No es oro todo lo que reluce: la cara amarga de este triunfo
Porque si algo les costó esta medalla a las gimnastas españolas fueron, precisamente, lágrimas. Lágrimas por verse ahí, escuchando el himno español, y con una medalla de oro al cuello; pero lágrimas también por el enorme sacrificio de los 2-3 años anteriores, escasamente recompensado en el futuro.

Meses antes de la celebración de los Juegos una de las jóvenes que peleaba por entrar en el equipo, María Pardo, decidió abandonar la concentración debido a que fue incapaz de soportar la presión a la que estaba siendo sometida. De ahí en adelante, todo se tiñó de polémicas; acusaciones de excesiva severidad y malos tratos por parte de la seleccionadora; y también hacia la Federación, a quien se acusó de dejar “tiradas” a las gimnastas una vez finalizada su carrera deportiva, habiendo salido de la “burbuja” en la que se encontraban mientras se dedicaban a sus entrenamientos.
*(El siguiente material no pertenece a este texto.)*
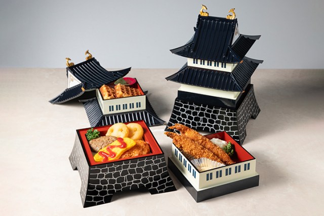 「お殿さま城ランチ」は1650円で販売中。オムライス、ハンバーグ、エビフライなどをお城型の三段重に盛り合わせた「お子さま城ランチ」(1320円・おもちゃ付き)も販売中ですので、親子で注文して城主気分を味わうのも楽しいかも!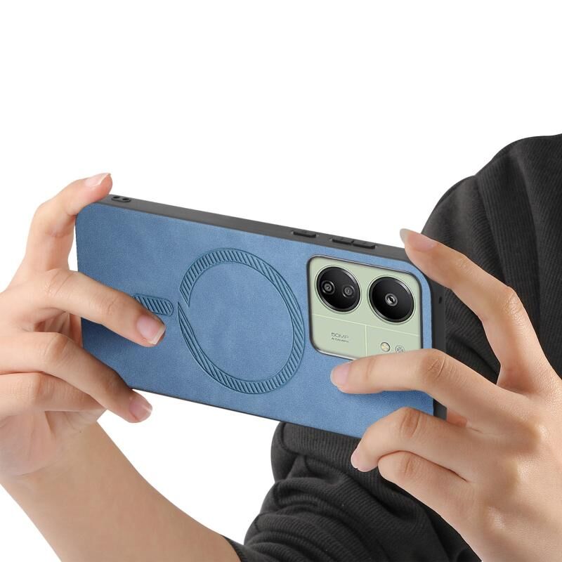 Θήκη κινητού τηλεφώνου για Xiaomi Redmi 13C, μονόχρωμη, ρετρό, με μαγνητική σύνδεση (Magsafe), από PU δέρμα (Μπλε)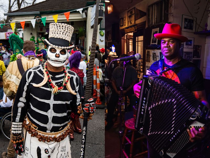 “I’ve played in this bar for 23 years and I’ve masked with the Northside Skull and Bone Gang for 24 years. These have been constants in my life as a musician. For me there’s no separation between those worlds. I would call it community service. It’s medicinal for people in New Orleans to have music in their lives. For people who can’t afford to go to the doctor and lie down and tell them their problems, music is a remedy. Masking with the Northside Skull and Bone Gang is that too. It’s saying, You Next! You can’t buy your way into happiness, you have to generate it from the ground up. You have to make the right choices. It’s the old African narrative: masking as skeletons to show people and remind them where they are headed. Carnival day was the only opportunity that enslaved Africans, especially men, had to express themselves — while having some fun and merriment, but the main thing is to honor the ancestors and bring those messages.” Bruce Sunpie Barnes, Big Chief of the Northside Skull and Bone Gang, on Mardi Gras day 2020. Sunpie and the Louisiana Sunspots play their regular Saturday night gig of Afro-Louisianan music at Dos Jefes, 2023.

El diario de María salió a la luz dos meses después del éxito obtenido por sus compañeras en Atlanta. Más tarde, en 2001, Nuria Cabanillas declaró en el Senado sobre sus vivencias particulares y sobre la situación en la que quedaron ella y varias de sus compañeras al terminar su carrera deportiva -en un documento largo pero interesantísimo, que llega a poner por momentos los vellos de punta, y que recomiendo a todos aquellos que tengan interés por saber un poco más del tema-; y hace un par de años, Tania Lamarca, la gimnasta que rompió a llorar en el podium y que se puede decir que fue la que peor acabó con la Federación -se vio envuelta en un asunto tan polémico y tan delicado en la rítmica como el del sobrepeso de las gimnastas-, se decidió a publicar un libro, Lágrimas por una medalla, en el que cuenta con pelos y señales todo lo que a ella le ocurrió antes y después de participar en Atlanta; un libro que todavía no ha llegado a mis manos, pero que si algún día lo hace, lo leeré con sumo interés.

Son las luces y las sombras de un histórico momento del deporte español; un momento que, particularmente, hoy en día me sigue emocionando no ya por el oro en sí, sino porque cada vez soy más consciente de todo lo que les costó lograrlo a las chicas, y de lo mal que trataron a algunas de ellas desde la Federación. Ya sé que la gimnasia, tanto artística como rítmica, es un deporte tremendamente sacrificado, pero una cosa es esto y otra muy distinta lo que acabo de contar; y también sé que no tengo pruebas, que sólo conozco la versión de las deportistas; pero qué queréis que os diga, yo las creo.